Subagents (compaction, recall, flush) can persist learned patterns in per-agent memory files.

### Directory Structure

```
memory/agents/
├── compaction/
│   └── AGENT.md
├── recall/
│   └── AGENT.md
└── flush/
    └── AGENT.md
```

### AGENT.md Format

```markdown
---
agent: compaction
updated: YYYY-MM-DD
---

## Learned Patterns
- observation about this project's memory behavior

## Tuning Notes
- parameter observations and recommendations
```

**Rules:**
- Each agent writes only to its own `AGENT.md`
- AGENT.md is read at the start of each subagent dispatch (if it exists)
- Updates are append-style: add new patterns, update existing ones
- Target: ~30 lines per agent (trim oldest patterns if exceeded)
- Optional: agents that have nothing to learn skip AGENT.md entirely

## Smart Threshold Table

Below threshold, copy or concatenate source files verbatim to prevent information loss.
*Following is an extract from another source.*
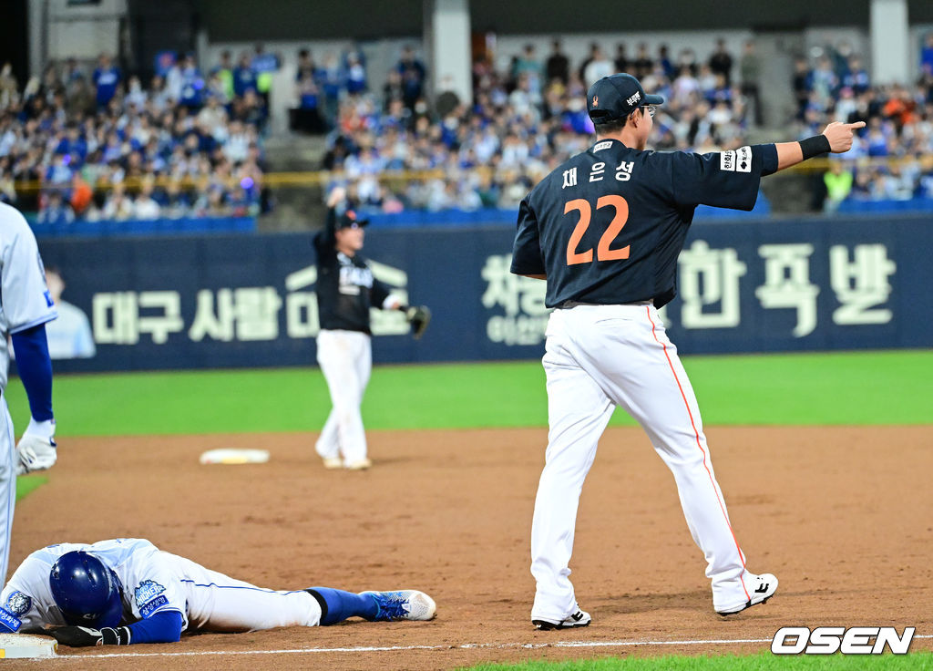3회말 무사 1루 상황 삼성 류지혁의 우익수 플라이 때 1루 주자 강민호가 한화 우익수 최인호의 송구에 포스아웃 됐다. 기뻐하는 한화 1루수 채은성과 아쉬워하는 주자 강민호. 2025.10.21 / dreamer@osen.co.kr
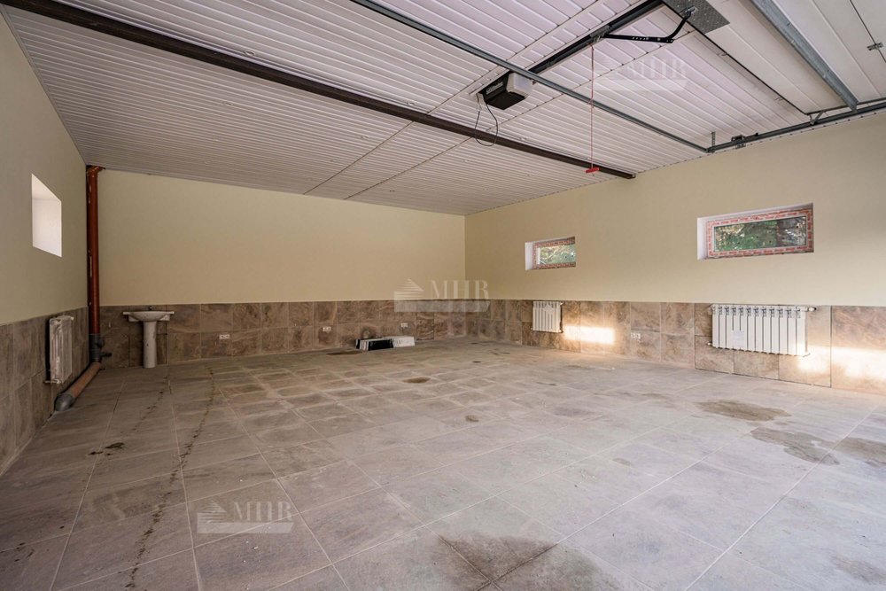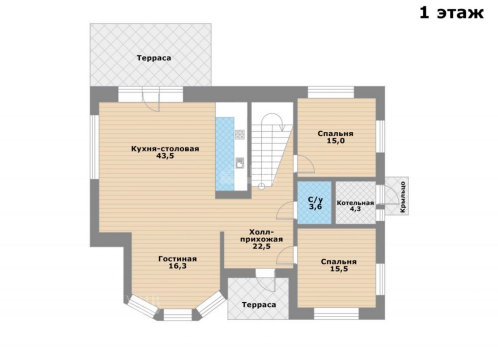 1 этаж: холл-прихожая 23 кв.м, гостиная-кухня-столовая 60 кв.м с выходом на крытую террасу 35 кв., котельная с отдельным входом, санузел, две спальни по 15 кв.м.

Above threshold, generate a keyword-dense LLM summary.

| Level | Threshold | Below threshold | Above threshold |
|-------|-----------|-----------------|-----------------|
| Raw → Daily | ~200 lines | Copy raw verbatim | LLM keyword-dense summary |
| Daily → Weekly | ~300 lines combined | Concat daily nodes | LLM keyword-dense summary |
| Weekly → Monthly | ~500 lines combined | Concat weekly nodes | LLM keyword-dense summary |
| Monthly → Root | Always LLM | Recompact root + new monthly | (N/A) |

## Format Rules for All Compaction Nodes

- Use keyword-dense structured format, not narrative prose
- Repeat important keywords in multiple sections for BM25 recall
- Include frontmatter with `status` and `topics` fields for quick scanning
- Minimum 50 bytes per node (even sparse periods deserve a node)
- `status: tentative` while the period may still receive new data
- `status: fixed` once the period has definitively ended — node is never modified again

## Configuration — hipocampus.config.json

```json
{
  "platform": "claude-code",          // Detected at init: claude-code | openclaw | opencode
  "search": {
    "vector": true,                    // Enable vector search (default: true)
    "embedModel": "auto"               // Embedding model (default: auto)
  },
  "compaction": {
    "rootMaxTokens": 3000,             // Max tokens for ROOT.md (default: 3000)
    "cooldownHours": 3                 // Min hours between compaction runs (default: 3, 0 = disable)
  }
}
```

**Adaptive trigger thresholds** are hardcoded in `compact.mjs` (rawLines: 300, checkpoints: 5). They don't need config entries unless users request tuning.

All fields are optional — missing fields use documented defaults.